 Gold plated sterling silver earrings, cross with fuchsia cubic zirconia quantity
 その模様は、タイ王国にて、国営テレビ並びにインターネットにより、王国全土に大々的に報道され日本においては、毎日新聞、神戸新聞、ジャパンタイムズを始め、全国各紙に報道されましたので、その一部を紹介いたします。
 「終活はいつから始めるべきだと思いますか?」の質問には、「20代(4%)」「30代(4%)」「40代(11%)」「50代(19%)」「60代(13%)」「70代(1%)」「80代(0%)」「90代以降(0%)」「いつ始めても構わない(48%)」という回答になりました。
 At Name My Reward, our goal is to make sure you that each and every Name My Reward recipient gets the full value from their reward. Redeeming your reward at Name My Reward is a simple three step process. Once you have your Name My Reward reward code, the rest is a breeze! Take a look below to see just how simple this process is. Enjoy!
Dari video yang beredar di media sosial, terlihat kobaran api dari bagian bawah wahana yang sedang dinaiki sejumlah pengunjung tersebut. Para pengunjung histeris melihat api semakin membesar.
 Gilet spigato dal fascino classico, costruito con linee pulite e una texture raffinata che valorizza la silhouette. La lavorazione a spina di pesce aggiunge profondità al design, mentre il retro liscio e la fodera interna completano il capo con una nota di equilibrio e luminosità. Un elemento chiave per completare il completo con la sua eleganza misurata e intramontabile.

...

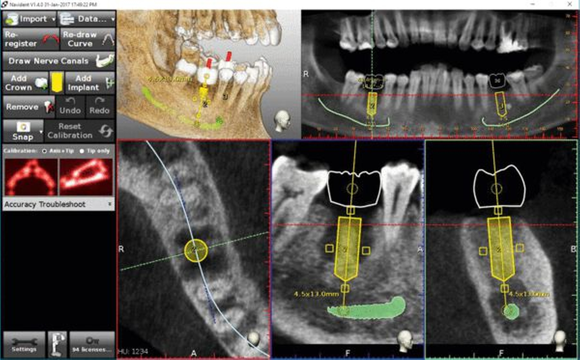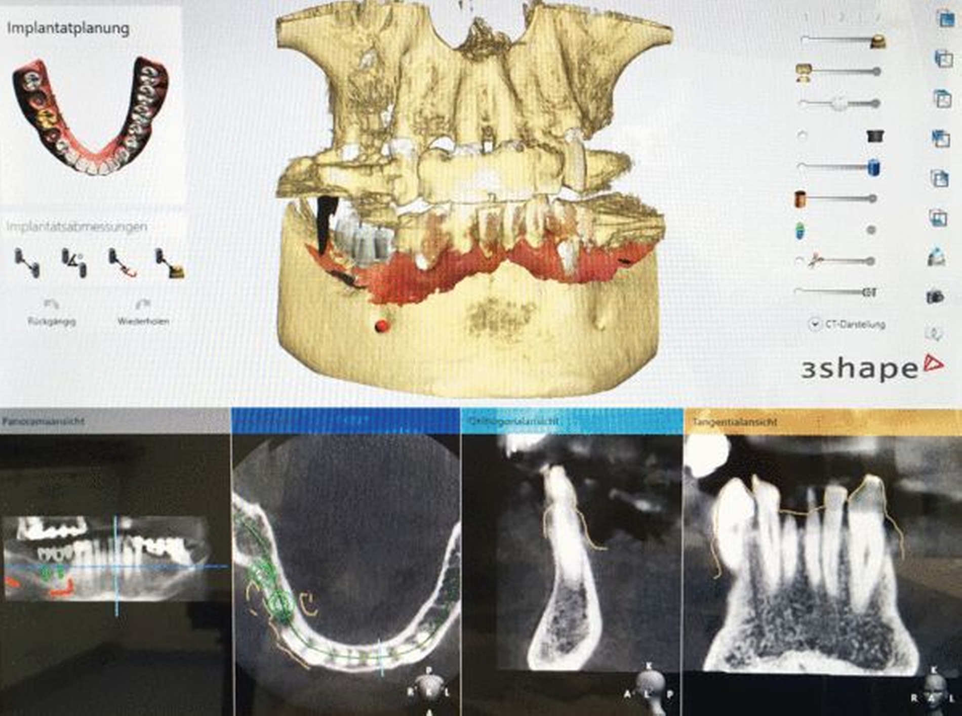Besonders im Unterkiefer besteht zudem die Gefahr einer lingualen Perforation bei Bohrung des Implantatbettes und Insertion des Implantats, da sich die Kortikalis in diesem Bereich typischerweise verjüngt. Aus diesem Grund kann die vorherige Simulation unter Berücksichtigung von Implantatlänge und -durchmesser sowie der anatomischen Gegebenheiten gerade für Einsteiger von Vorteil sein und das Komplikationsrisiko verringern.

#### [Instructions to follow]
Transcribe, exactly and without additions, the lines of the records above, beginning with the line that contains "Gold plated sterling" and ending with the line that contains "Gilet spigato dal", both included.

#### [Answer for the task]
 Gold plated sterling silver earrings, cross with fuchsia cubic zirconia quantity
 その模様は、タイ王国にて、国営テレビ並びにインターネットにより、王国全土に大々的に報道され日本においては、毎日新聞、神戸新聞、ジャパンタイムズを始め、全国各紙に報道されましたので、その一部を紹介いたします。
 「終活はいつから始めるべきだと思いますか?」の質問には、「20代(4%)」「30代(4%)」「40代(11%)」「50代(19%)」「60代(13%)」「70代(1%)」「80代(0%)」「90代以降(0%)」「いつ始めても構わない(48%)」という回答になりました。
 At Name My Reward, our goal is to make sure you that each and every Name My Reward recipient gets the full value from their reward. Redeeming your reward at Name My Reward is a simple three step process. Once you have your Name My Reward reward code, the rest is a breeze! Take a look below to see just how simple this process is. Enjoy!
Dari video yang beredar di media sosial, terlihat kobaran api dari bagian bawah wahana yang sedang dinaiki sejumlah pengunjung tersebut. Para pengunjung histeris melihat api semakin membesar.
 Gilet spigato dal fascino classico, costruito con linee pulite e una texture raffinata che valorizza la silhouette. La lavorazione a spina di pesce aggiunge profondità al design, mentre il retro liscio e la fodera interna completano il capo con una nota di equilibrio e luminosità. Un elemento chiave per completare il completo con la sua eleganza misurata e intramontabile.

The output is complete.